- Task description -
I would like the lines below, from the one with "- Celkové rozměry: 6,4" through the one with "Eckcouch LIVIO XL", copied exactly and without any pictures.

#### Data to use ####

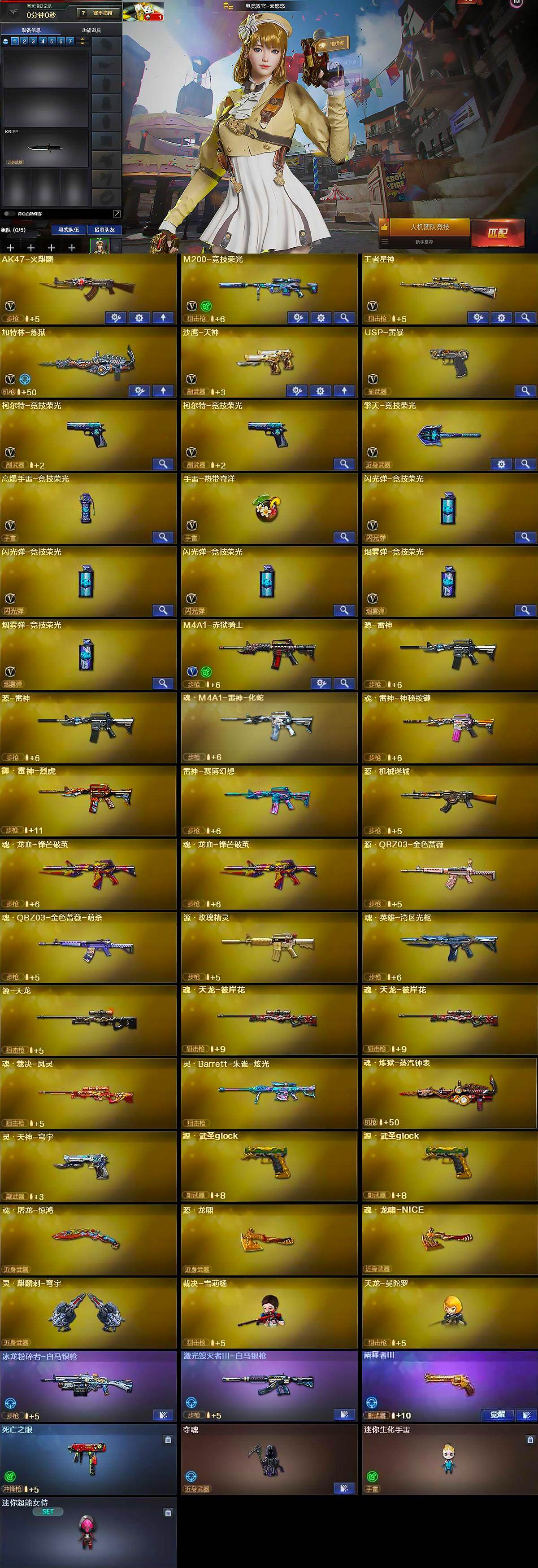 【英雄级武器】:AK47-火麒麟,M200-竞技荣光,王者星神-觉醒版,加特林-炼狱,沙鹰-天神,USP-雷暴,柯尔特-竞技荣光*2,擎天-竞技荣光,高爆手雷-竞技荣光,手雷-热带奇洋,闪光弹-竞技荣光*3,烟雾弹-竞技荣光*2,M4A1-赤狱骑士
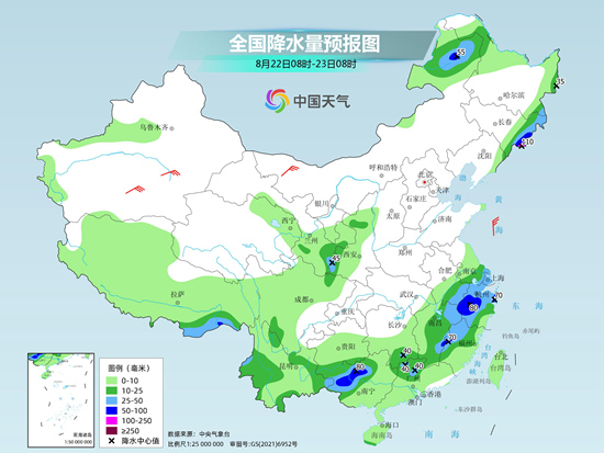 中東部大范圍降雨天氣過程仍在繼續(xù)!今天(8月22日),強降雨落區(qū)進一步南壓,云南到江南東部一帶雨水明顯增多,其中浙江、廣西等地部分地區(qū)或現(xiàn)大到暴雨,需注意防范。此外,中東部地區(qū)由于未來兩天雨水較多,高溫天氣整體呈現(xiàn)縮減趨勢,但南方地區(qū)由于濕度較高,悶熱天氣還將繼續(xù)控場。
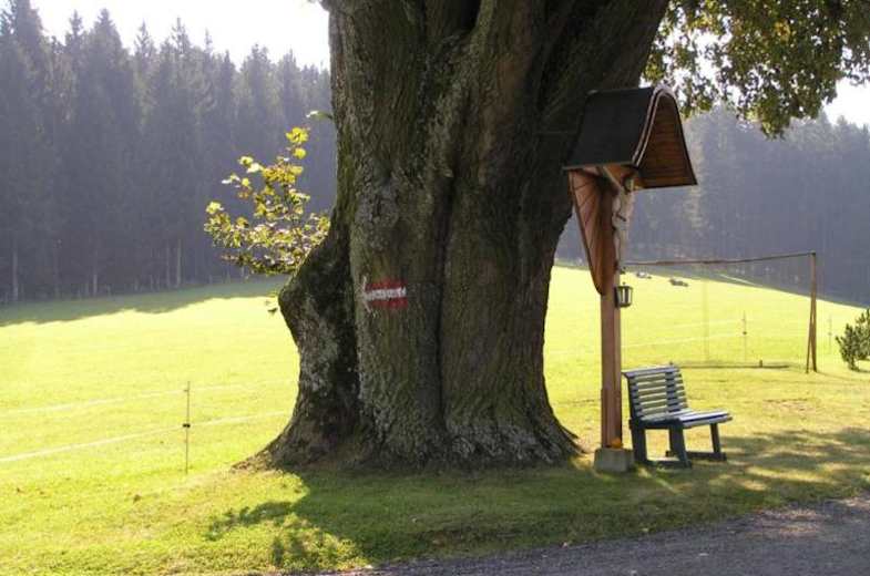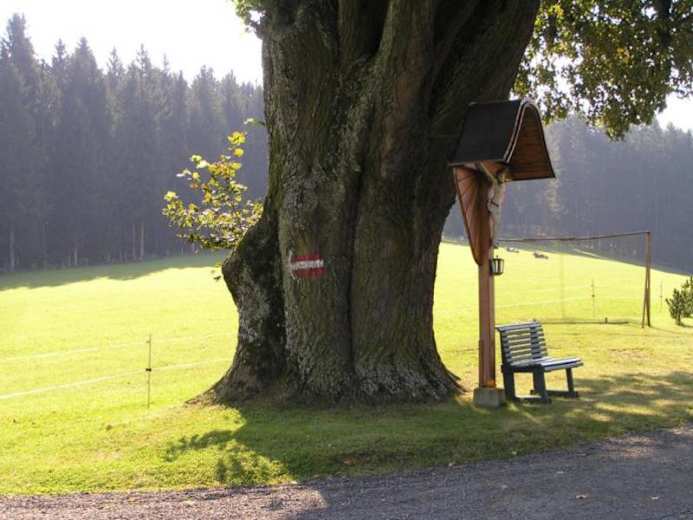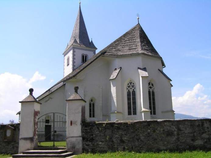 Nach links kurz bergab und dann rechts die Straße Richtung Prebl – nach ca. 1,5 km Gabelung –links halten, nach 200m rechts (Tafel:Gräbern) – nach 1 km Gabelung, links halten(in den Wald), bergan zur Kirche Gräbern (Kirchenschlüssel beim Bauern in der Kurve vor dem Transformator) km 12,7.Von Gräbern ca. 2,5 km Straße immer geradeaus bis rechts Abzweigung Wolfsberg-Auen – geradeaus weiter bis große Linde, Linkskurve – am Waldrand rechts bergan Wanderweg 330 (Hennereck).
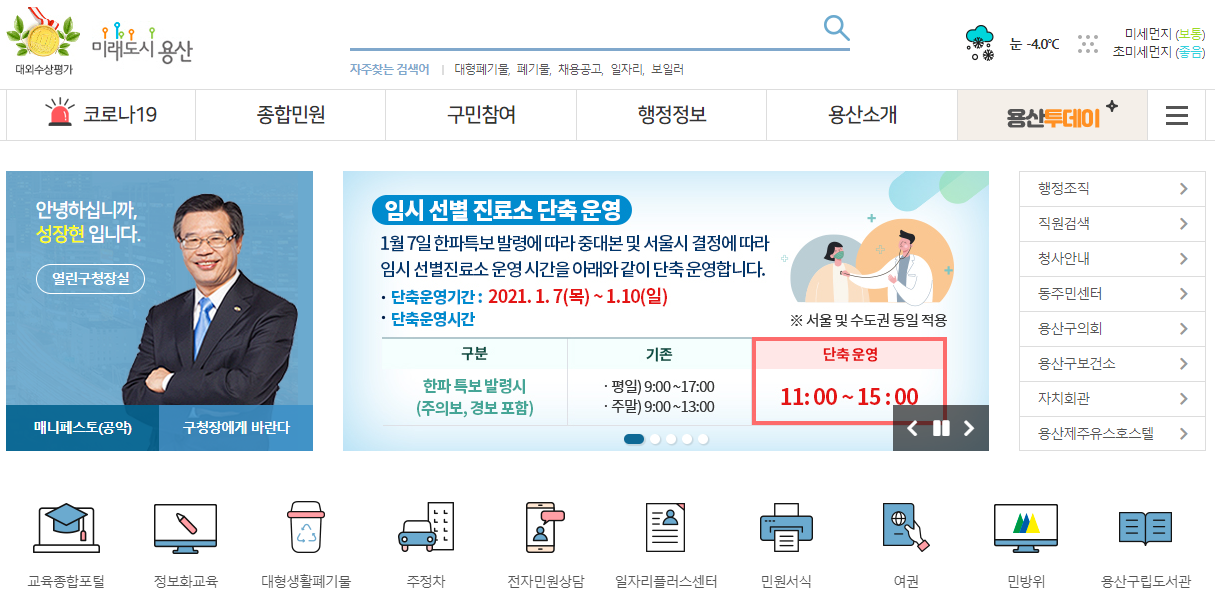 교육종합포털, 정보화교육, 대형생활폐기물, 주정차, 전자민원상담, 일자리플러스센터, 민원서식, 여권, 민방귀, 용산구립도서관
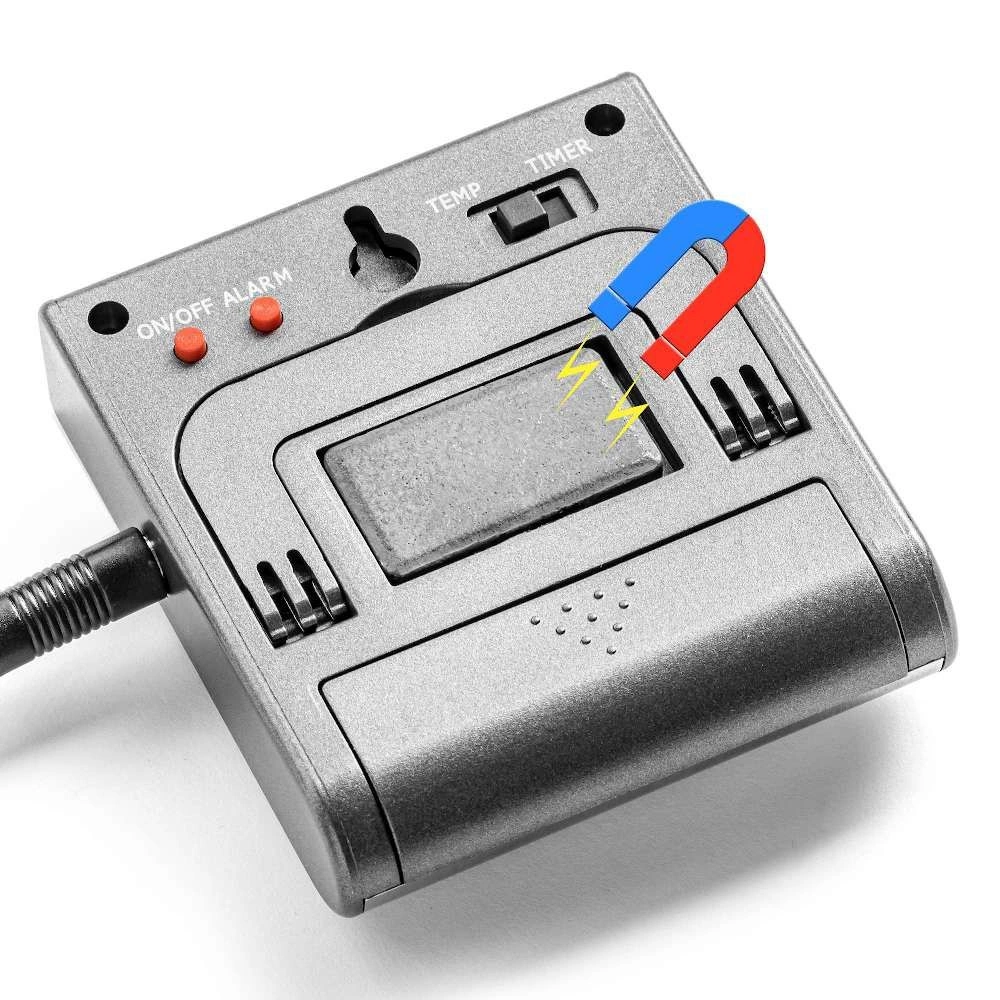 - Celkové rozměry: 6,4 x 7,2 x 7,8 cm – kompaktní velikost umožňuje snadné umístění teploměru na pracovní desku, zavěšení nebo připevnění magnetem na kovový povrch.
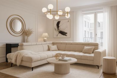 Eckcouch LIVIO XL Schlaffunktion 350 cm verstellbare Kopfstützen wasserdichter Stoff
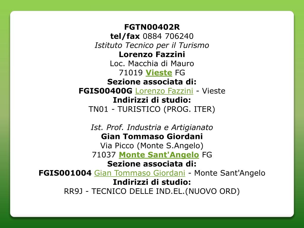 FGTN00402R tel/fax 0884 706240 Istituto Tecnico per il Turismo Lorenzo Fazzini Loc. Macchia di Mauro71019 Vieste FG Sezione associata di: FGIS00400GLorenzo Fazzini - Vieste Indirizzi di studio: TN01 - TURISTICO (PROG. ITER) Ist. Prof. Industria e Artigianato Gian Tommaso Giordani Via Picco (Monte S.Angelo)71037 Monte Sant'Angelo FG Sezione associata di: FGIS001004Gian Tommaso Giordani - Monte Sant'Angelo Indirizzi di studio: RR9J - TECNICO DELLE IND.EL.(NUOVO ORD)
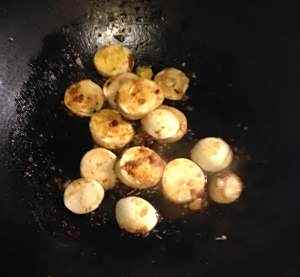 4、蛋块小火下锅煎至面糊略焦黄,拨开蛋块,在空处炒香辣豆瓣酱,并加入酱油、糖、胡椒粉,与蛋炒匀。
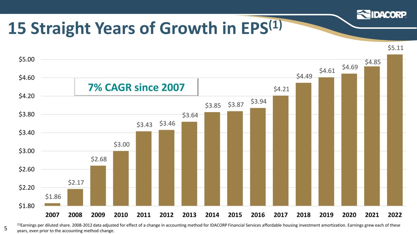 15 Straight Years of Growth in EPS(1) $1.86 $2.17 $2.68 $3.00 $3.43 $3.46 $3.64 $3.85 $3.87 $3.94 $4.21 $4.49 $4.61 $4.69 $4.85 $5.11 $1.80 $2.20 $2.60 $3.00 $3.40 $3.80 $4.20 $4.60 $5.00 2007 2008 2009 2010 2011 2012 2013 2014 2015 2016 2017 2018 2019 2020 2021 2022 (1)Earnings per diluted share. 2008-2012 data adjusted for effect of a change in accounting method for IDACORP Financial Services affordable housing investment amortization. Earnings grew each of these years, even prior to the accounting method change. 7% CAGR since 2007 5

####

- Result for this exercise -
 - Celkové rozměry: 6,4 x 7,2 x 7,8 cm – kompaktní velikost umožňuje snadné umístění teploměru na pracovní desku, zavěšení nebo připevnění magnetem na kovový povrch.
 Eckcouch LIVIO XL Schlaffunktion 350 cm verstellbare Kopfstützen wasserdichter Stoff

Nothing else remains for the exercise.